Single by Imelda May

from the album Mayhem
- B-side: "My Baby Left Me"
- Released: June 28, 2010
- Recorded: May – June 2010 at Embassy Studios in Basingstoke, United Kingdom
- Genre: Rockabilly
- Length: 2:52
- Label: Decca
- Songwriter: Imelda May
- Producers: Imelda May, Andy Wright, Gavin Goldberg

Imelda May singles chronology
| "Big Bad Handsome Man" (2009) | "Psycho" (2010) | "Mayhem" (2010) |

Alternate cover
- Limited edition 7" pink vinyl cover

= Psycho (Imelda May song) =

"Psycho" is a song by Irish rockabilly singer Imelda May. Written solely by May, the song was released as her third single on June 28, 2010, and the lead single from her third studio album, Mayhem. The single was May's first release on her new record label, Decca.

==Origin and recording==
The song was written after the release of May's second studio album, Love Tattoo, which she was promoting on tour at the time of writing. The song was recorded during the Mayhem sessions at Embassy Studios, a sixteen track analogue recording studio in a converted cow shed, near Basingstoke, United Kingdom. A remastered version of the song was released as a bonus track on the iTunes version of Mayhem.

==Release and promotion==
"Psycho" was announced for release in May 2010 at which time the recording and production was completed. In the official press release by Decca Records, it was noted that "'Psycho' sees Imelda displaying some of her more disparate influences, as if PJ Harvey's "Sheela Na Gig" had been recorded in the Ace cafe in North London in front of a load of rockers."
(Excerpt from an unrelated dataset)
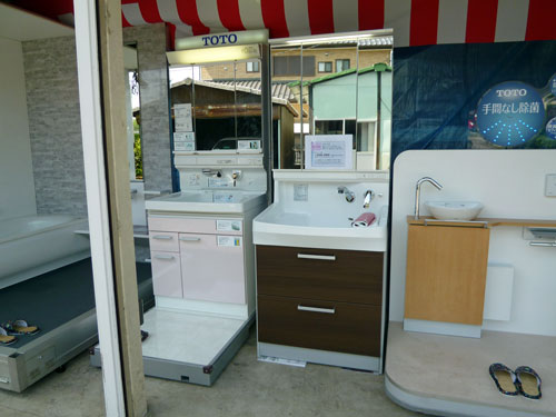 今回はご覧のように水廻り設備実物をたくさん展示、最新の機能を体感して頂きました。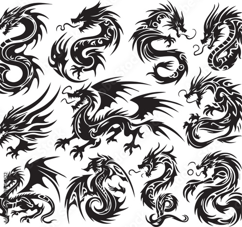 dragon, tattoo, tribal, vector, mythical, beast, fantasy, black, ink, fire, chinese, creature, fierce, power, monster, symbol, abstract, bold, oriental, curve, brute, danger, flames, tail, art, design, pattern, traditional, culture, stylised, graphic, outline, drawing, wild, decorative, animal, horn, magic, scale, aggressive, tattooed, print, clip art, element

May's following tour of the United States with Jeff Beck promoted the song abroad and in Ireland and the United Kingdom, the song was performed on The Late Late Show on September 10 and Later... with Jools Holland on October 12, respectively.

Though well-promoted in comparison to her previous singles, the single failed chart in neither Ireland nor the United Kingdom.

==Music video==
Filmed on a higher budget than her only previous music video, "Johnny Got a Boom Boom", the promotional music video for "Psycho" is aptly set in a mental institution and features May as a nurse delivering patients with medication. The video also features The Imelda May Band performing in a solitary confinement room.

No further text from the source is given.